SeqArray: Data Management of Large-scale Whole-genome Sequence Variant Calls

GPLv3 GNU General Public License, GPLv3

Availability Years-in-BioC R

Features

Data management of whole-genome sequence variant calls with hundreds of thousands of individuals: genotypic data (e.g., SNVs, indels and structural variation calls) and annotations in SeqArray GDS files are stored in an array-oriented and compressed manner, with efficient data access using the R programming language.

The SeqArray package is built on top of Genomic Data Structure (GDS) data format, and defines required data structure for a SeqArray file. GDS is a flexible and portable data container with hierarchical structure to store multiple scalable array-oriented data sets. It is suited for large-scale datasets, especially for data which are much larger than the available random-access memory. It also offers the efficient operations specifically designed for integers of less than 8 bits, since a diploid genotype usually occupies fewer bits than a byte. Data compression and decompression are available with relatively efficient random access. A high-level R interface to GDS files is available in the package gdsfmt.

Bioconductor:

Release Version: v1.44.0

http://www.bioconductor.org/packages/SeqArray

Citation

Zheng X, Gogarten S, Lawrence M, Stilp A, Conomos M, Weir BS, Laurie C, Levine D (2017). SeqArray -- A storage-efficient high-performance data format for WGS variant calls. Bioinformatics. DOI: 10.1093/bioinformatics/btx145.

Zheng X, Levine D, Shen J, Gogarten SM, Laurie C, Weir BS (2012). A High-performance Computing Toolset for Relatedness and Principal Component Analysis of SNP Data. Bioinformatics. DOI: 10.1093/bioinformatics/bts606.

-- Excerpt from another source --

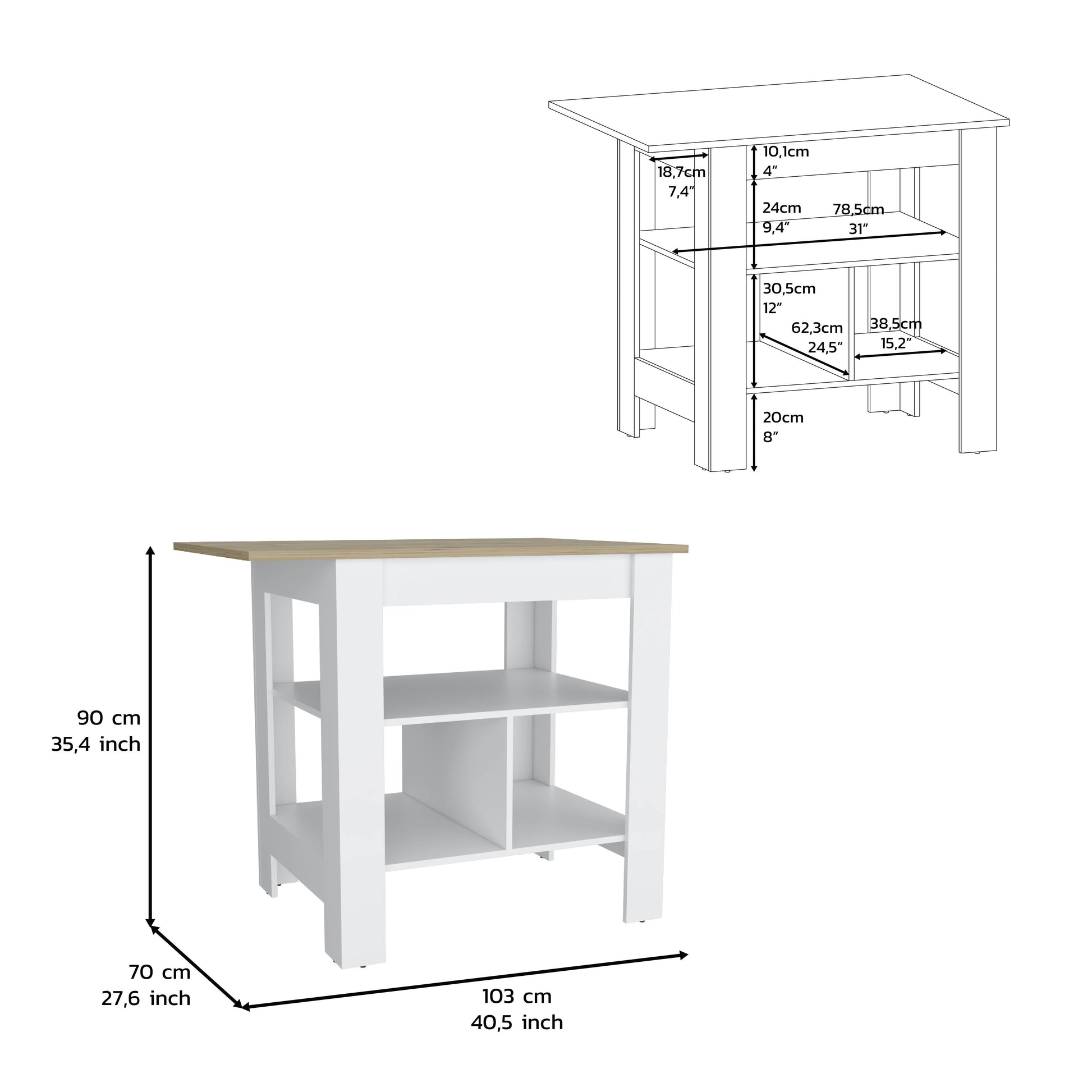 This island has a big and robust top surface that makes it suitable for use as a primary table or workspace (40,5"W X 27,6"D).
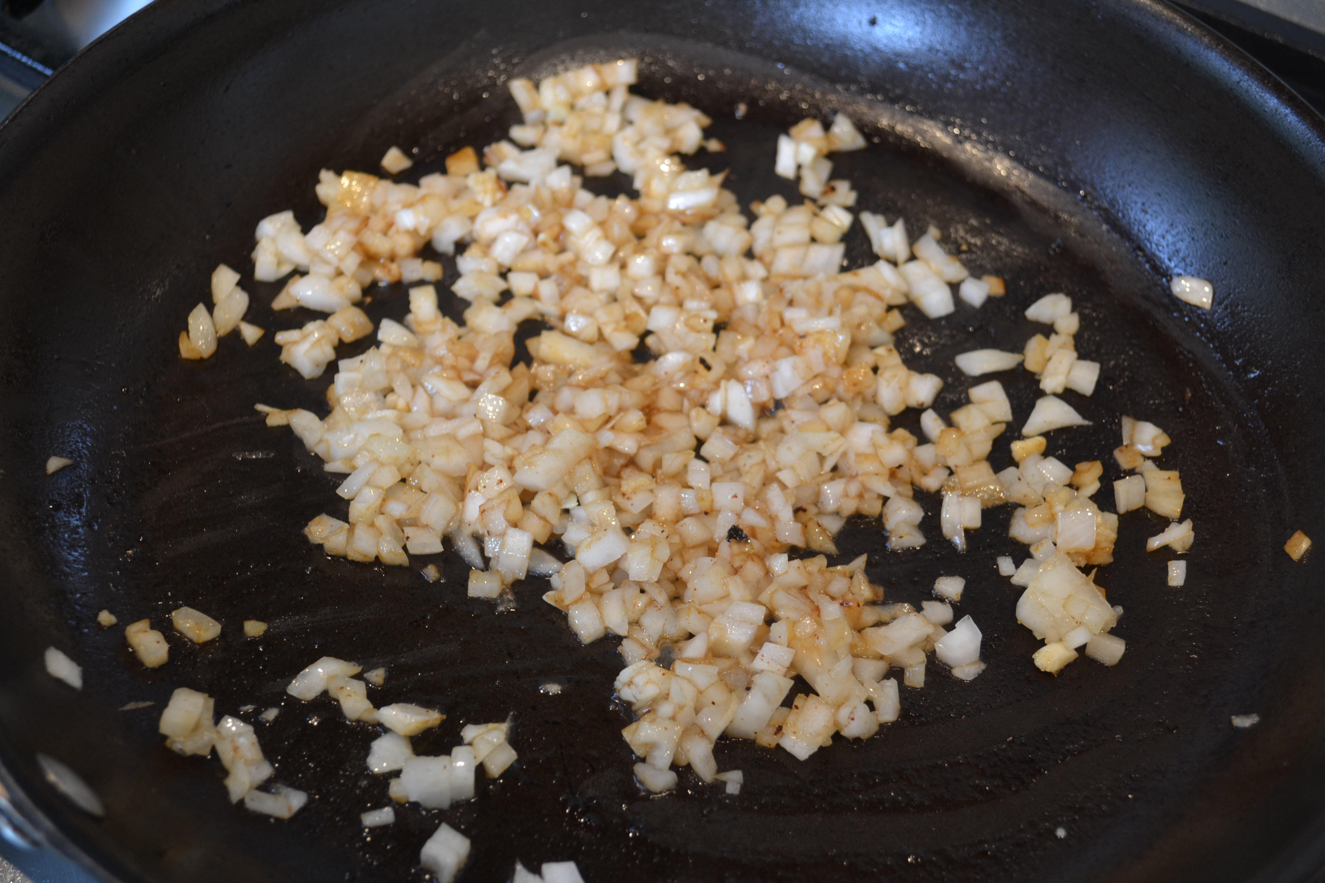 - En el mismo sartén que selló la carne, agregue una cucharada de aceite de oliva, la cebolla y el ajo y con una cuchara de madera revuelva la cebolla y consiga que los restos del sellado de la carne queden revueltos, saltee hasta que la cebolla esté transparente.

Installation (requiring ≥ R_v3.5.0)

  • Bioconductor repository: R if (!requireNamespace("BiocManager", quietly=TRUE)) install.packages("BiocManager") BiocManager::install("SeqArray")

  • Development version from Github (for developers/testers only): R library("devtools") install_github("zhengxwen/gdsfmt") install_github("zhengxwen/SeqArray") The install_github() approach requires that you build from source, i.e. make and compilers must be installed on your system -- see the R FAQ for your operating system; you may also need to install dependencies manually.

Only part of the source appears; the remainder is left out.